3. Silence your cell phone! there are plenty of warnings to do so before the movie.. 

4. Ok, I am a mother and I wouldn't want to annoy someone with my child crying in the theatre, so why bring your kid? 
No babysitter? Rent a movie instead.

5. Throw away your food, napkins, cups etc. Would you leave that shit on a friend's floor? or your own? no. 

6. Pee before the movie. Small bladder? sit on the aisle. pleeeeaaaseeee


----------



## giz2000 (Jun 23, 2007)

Quote:

   Originally Posted by *triccc* 

 
_I usually DO NOT see movies at 7 o'clock on opening night because of rude obnoxious people in the theatre, but I actually went last night to the opening of 1408. and I probably won't do that again.
I swear people need to follow some simple ass rules so EVERYONE can enjoy the movie they paid to see. 


1. Don't freaking TALK during the movie. I don't need a running commentary, I can see what's going on. Or don't shout something at the screen. This isn't your living room. Keep it to a whisper, thanks.

2. Don't kick the seat in front of you when someone is sitting there!

3. Silence your cell phone! there are plenty of warnings to do so before the movie.. 

4. Ok, I am a mother and I wouldn't want to annoy someone with my child crying in the theatre, so why bring your kid? 
No babysitter? Rent a movie instead.

5. Throw away your food, napkins, cups etc. Would you leave that shit on a friend's floor? or your own? no. 

6. Pee before the movie.

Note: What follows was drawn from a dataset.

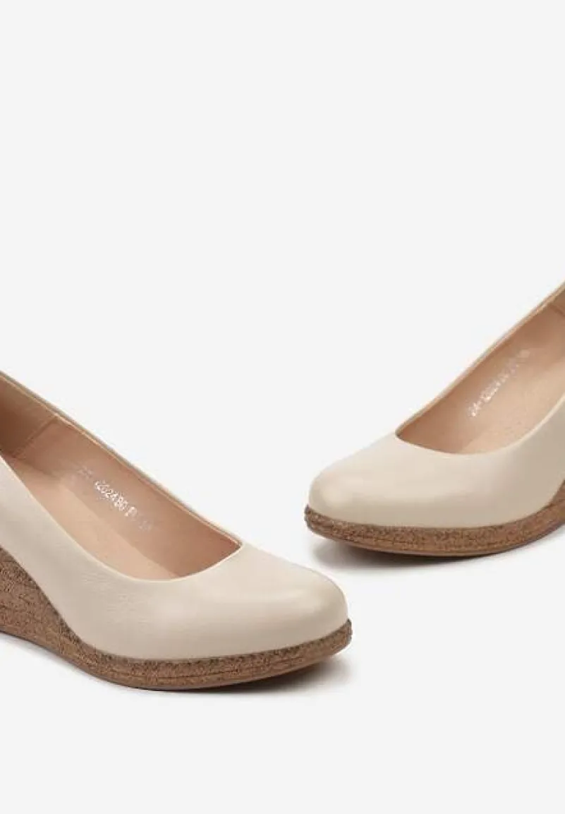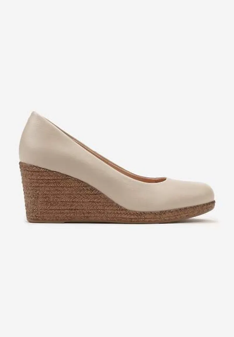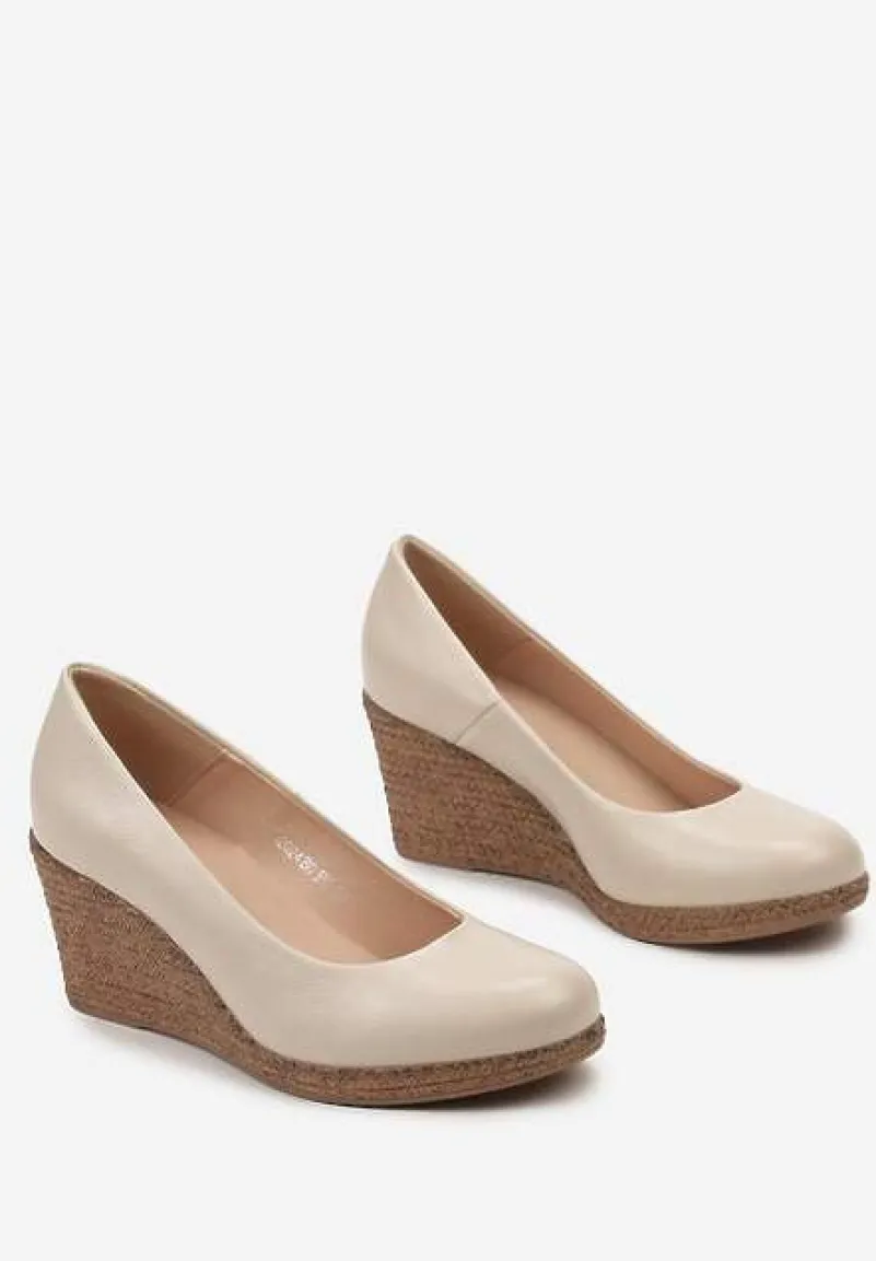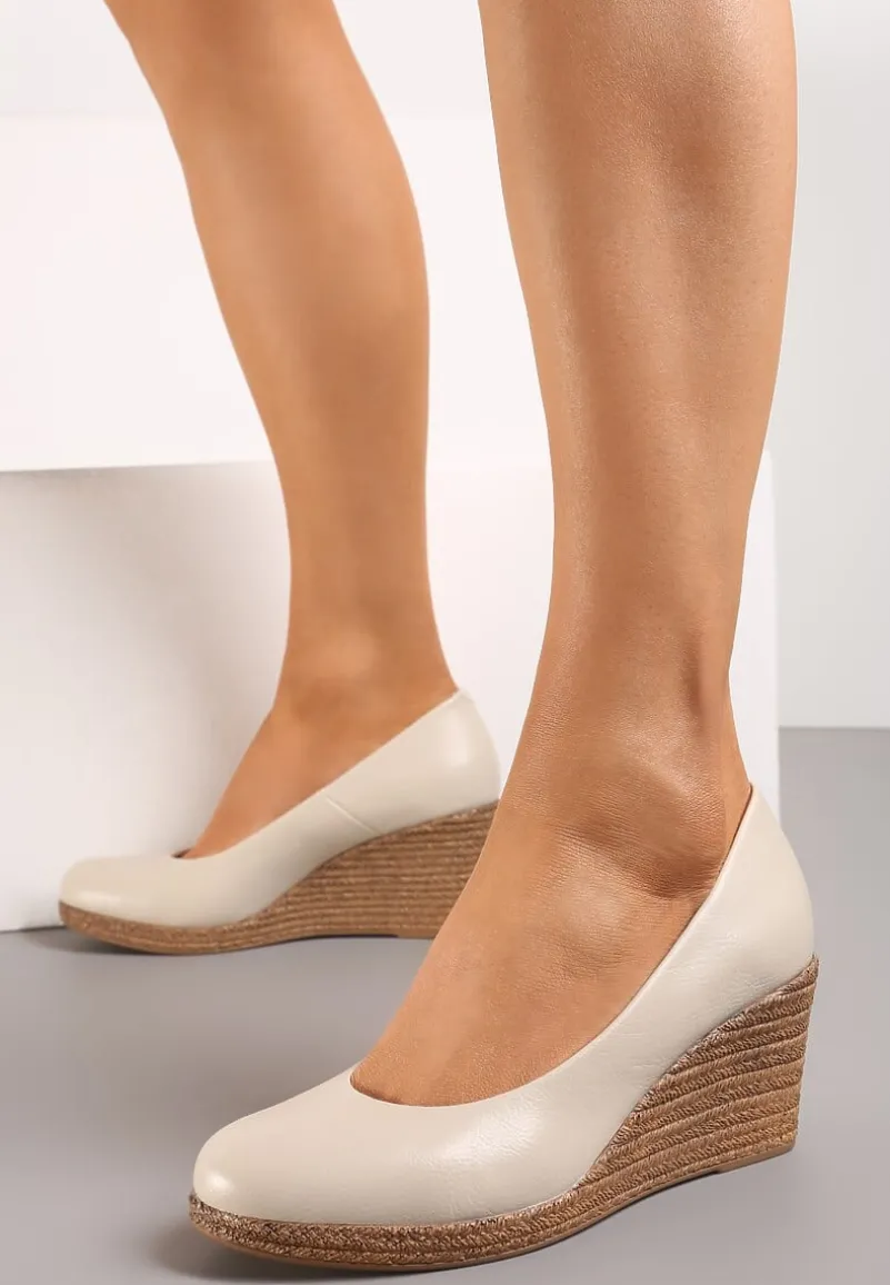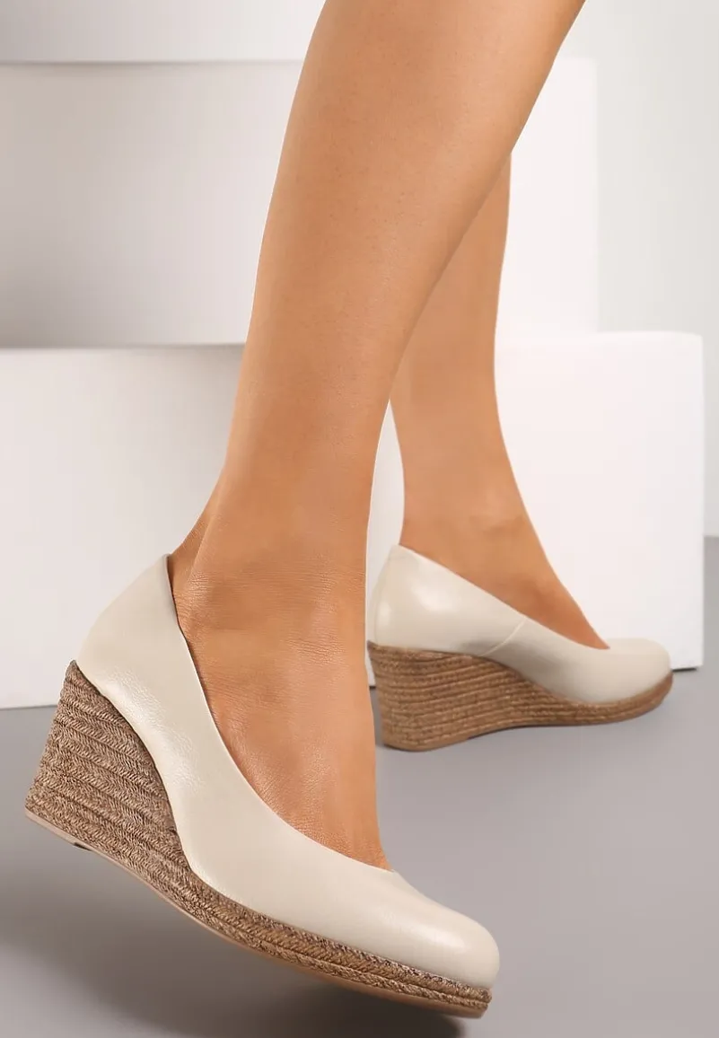 Klasyczne czółenka z ekozamszu osadzone na koturnie z lekko połyskującą plecionką i skórzaną wkładką. Będą doskonałym wyborem do stylizacji ze spódnicą ołówkową lub garniturowym kompletem.

Small bladder? sit on the aisle. pleeeeaaaseeee_

 
You've pretty much summed up why I rarely go to the movies anymore...unless it's 2:00 pm on a weekday...


----------



## MisStarrlight (Jun 23, 2007)

Ugh I know!  I'm generally not a movie person, but recently my bf & I have been seeing a ton of movies (all on opening weekend too-ugh).

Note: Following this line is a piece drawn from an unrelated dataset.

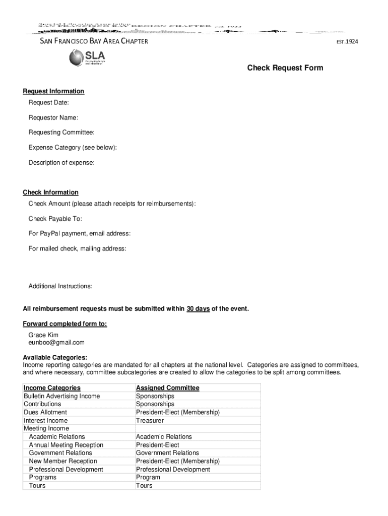 SAN FRANCISCO BAY AREA CHAPTER EST.1924Check Request Form Request Information Request Date: Requestor Name: Requesting Committee: Expense Category (see below): Description of expense:Check Information

When we went to see Pirates 3 we sat in front of 4 super geeks & the "king of the goths" & his entourage (the guy who owns the year-round Halloween store & the adjacent goth store in the east village & about 20 people who follow his every move)

The Super Geeks practically creamed themselves when they saw the Star Wars stamps during the previews & then proceeded to ruin one of the best movie intros ever by saying "Best intro ever"-Grrrrr!


----------



## lara (Jun 23, 2007)

Sit down, turn your phone off and STFU. Seriously, it's not that difficult. 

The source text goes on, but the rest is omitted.